With 90 degree banking:

$$N + F_c = 0$$

where [itex]F_c = - \frac{mv^2}{r}[/tex]In between:

$$N + W\cos{x} + F_c\sin{x} = 0$$

$$N = -W\cos{x} - F_c\sin{x}$$

$$N = -mg\cos{x} + \frac{mv^2}{r}\sin{x}$$AM

 

[Doc Al]

With 90 degree banking:

$$N + \frac{mv^2}{r} = 0$$


In between:

$$N + W\cos{x} + \frac{mv^2}{r}\sin{x} = 0$$ so:

Your "centrifugal force" terms have the wrong sign!

 

[Andrew Mason]

Your "centrifugal force" terms have the wrong sign!

I noticed that and was editing as you posted.

I should have changed it further: W = mg and g is negative.

Note that with 90 degree banking:

$$F_f + W = 0$$

so:

$$F_f = -W = - F$$

(that is, the friction force is in the -F direction, where F is in the direction of the positive x-axis ie up)

If we agree with the book authors that:

$$F = mg$$ then the authors are necessarily saying that g is negative.

So the textbooks are right. They are just using g as a negative.

AM

 

[Doc Al]

So the textbooks are right. They are just using g as a negative.
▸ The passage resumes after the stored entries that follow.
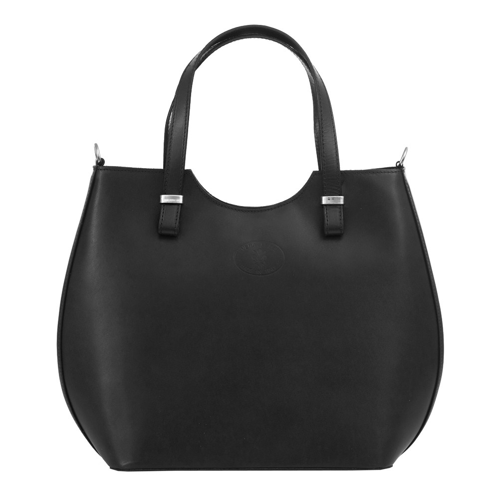 Vera Pelle - włoska pojemna A4 modna skórzana torebka wykonana z wysokogatunkowej naturalnej skóry licowej. Wygodny dostęp do środka. Torebka jednokomorowa. Od góry zamykana na suwak. Wewnątrz dodatkowo 2 x kieszonka za zamek + kieszeń na telefon + kieszonka na drobiazgi. Torebka od środka wykończona porządną, czarną podszewką. Dno usztywnione i podbite srebrnymi nóżkami. W komplecie długi, regulowany pasek na ramię o długości max. 119 cm.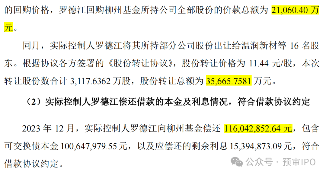 随后,罗德江将该部分股份以11.44元/股出让给温润新材等16名股东,对应投前估值12亿元,合计转让 3,117.6362万股,转让总额3.57亿元。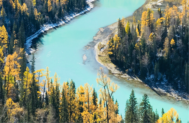 山水之间的喀纳斯是北疆人气最旺的景点,“湖怪”传闻令它一举成名。不过光看看喀纳斯湖水的颜色已经足以让你震撼。湖水会在不同季节呈现碧蓝、青灰、翡翠、墨绿、奶绿等不同色彩。进入9月后,金色的桦树叶、杏黄的落叶松、火红的欧洲山杨、四季常青的松柏排排站,是童话世界没错了。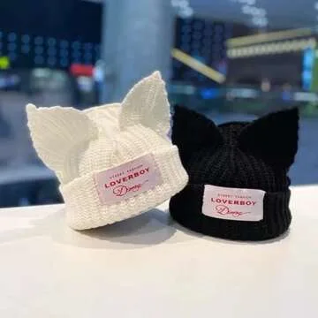 Cat Ear Hat Cute Beanie Hat Knit Wool Cap Warm Slouchy Crochet Hat (Black)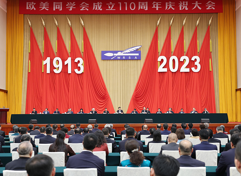 中共中央政治局委员、中央统战部部长石泰峰在会上宣读了习近平的贺信。全国人大常委会副委员长、欧美同学会会长丁仲礼作报告。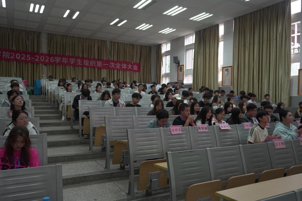 为明确学生组织新学年工作方向,凝聚组织力量,2025年10月18日16:30,理学院于理学楼100报告厅举办学生组织2025-2026学年第一次全体大会,学生组织全体成员共同参与,本次大会由团委办公室主任主持。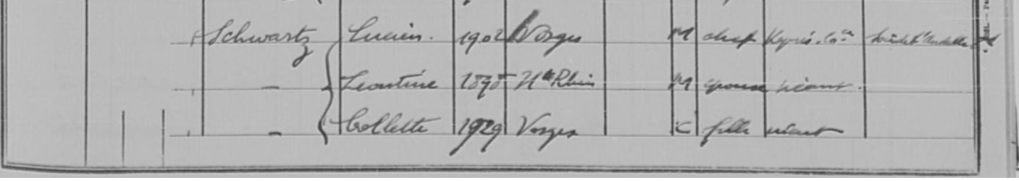 Lucien, son épouse Léontine née Lévy (1898-1992) et leurs deux filles Colette et Jacqueline demeurant au 270, bd Raspail, Paris (14è). Source : Archives de Paris (D2M8 617, vue 119/171)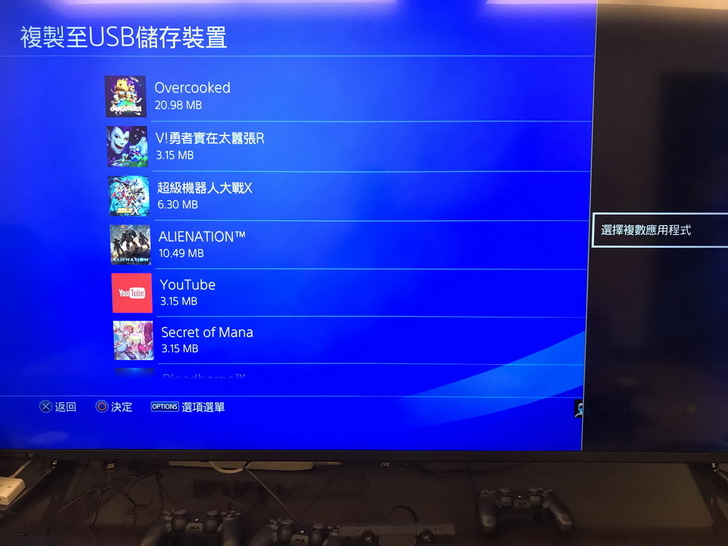 這時會看到所有的遊戲存檔,按下PS4手把上的OPTIONS鍵,可就會出現「選擇複數應用程式」的選項

You are way too generous. If they really took g as negative then when the book says

F= mg sin(x)- mv^2/r cos(x)

that translates (using the standard positive g) to be:
F= - mg sin(x)- mv^2/r cos(x)

I don't think so.

 

[OlderDan]

So the textbooks are right. They are just using g as a negative.

AM

If g is negative, then the authors are saying both F and N are also negative.
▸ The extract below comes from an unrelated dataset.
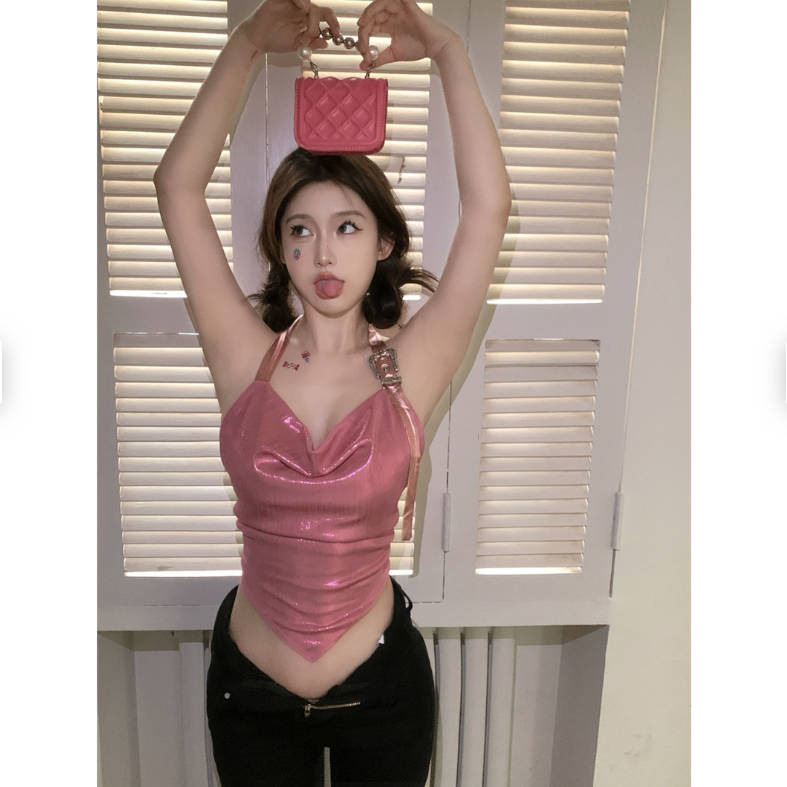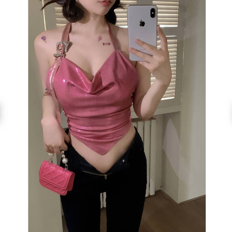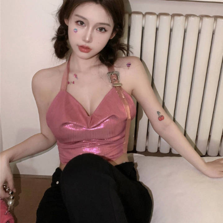 夏の新型の甘いギャルのセクシーな首のサスペンダーのベストの女性のデザイン感は背中を現して独特でやせている短い上着のファッションを現します。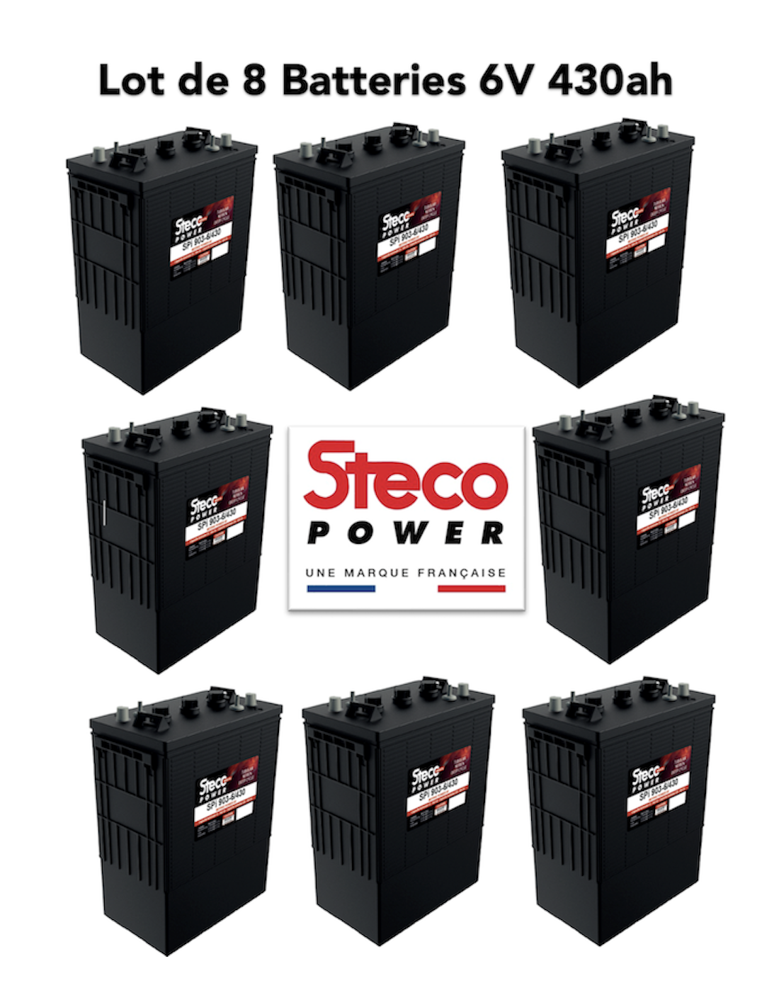 Lot de 8 Batteries Steco Power 6V 430ah Deep Cycles 24v pour nacelle élévatrice, Haulotte, installation solaire, bateau en servitude

F= mg sin(x)- mv^2/r cos(x)
N = mg cos(x) - mv^2/r sin(x)

It seems to me the discrepency is the minus in both of these equations when one of them should be plus. Changing the sign of g does not fix that.

 

[Andrew Mason]

If g is negative, then the authors are saying both F and N are also negative.

It seems to me the discrepency is the minus in both of these equations when one of them should be plus. Changing the sign of g does not fix that.
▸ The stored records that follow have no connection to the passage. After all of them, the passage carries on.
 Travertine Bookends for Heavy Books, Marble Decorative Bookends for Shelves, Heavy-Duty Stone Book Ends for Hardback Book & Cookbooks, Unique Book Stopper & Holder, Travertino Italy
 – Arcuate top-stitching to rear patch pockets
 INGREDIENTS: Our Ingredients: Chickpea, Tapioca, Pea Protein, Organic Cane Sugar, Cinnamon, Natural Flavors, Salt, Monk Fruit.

Ok. I agree. (I have to learn not to do PF at 4:00 in the morning). The normal force never changes direction whereas the force of friction does (as x changes from 0 to 90).

I would also agree with Chi's comment that this is an awkward way to analyse it because it requires using the frame of the moving car so the frame of reference (axes) changes with the angle. If one resolves the centripetal acceleration into components along each of the axes, the component along the surface is never positive and the normal component is never negative. Gravity components are always negative. Normal force is always positive and the direction of friction can be either depending on the angle

$$F_f - mg\sin{\theta} = ma_x = -\frac{mv^2\cos{\theta}}{r}$$

$$N - mg\cos{\theta} = ma_y = \frac{mv^2\sin{\theta}}{r}$$


AM

 

[Chi Meson]

I keep having the sneeking feeling that perhaps the books are right, but...

I've reanalyzed the problem from three points of view: an "equilibrium-centrifugal" reference frame, a "parallel-perpendicular" reference frame and a "horizontal-vertical" reference frame. The latter two gave me a fun little riminder of trig identities, and it was a good algebra work-out (and it was essentially in the link provided by OlderDan). Each time I ended up with OP being correct and books being incorrect.

I'm wondering now, are both books by the same author or publisher? Which books are they, and how old are they? It seems so bizarre.

Oh yeah, and... the "centrifugal" reference frame is actually the easiest method to produce a statement for finding the normal force in terms of mass, speed and angle. No wonder engineers like it.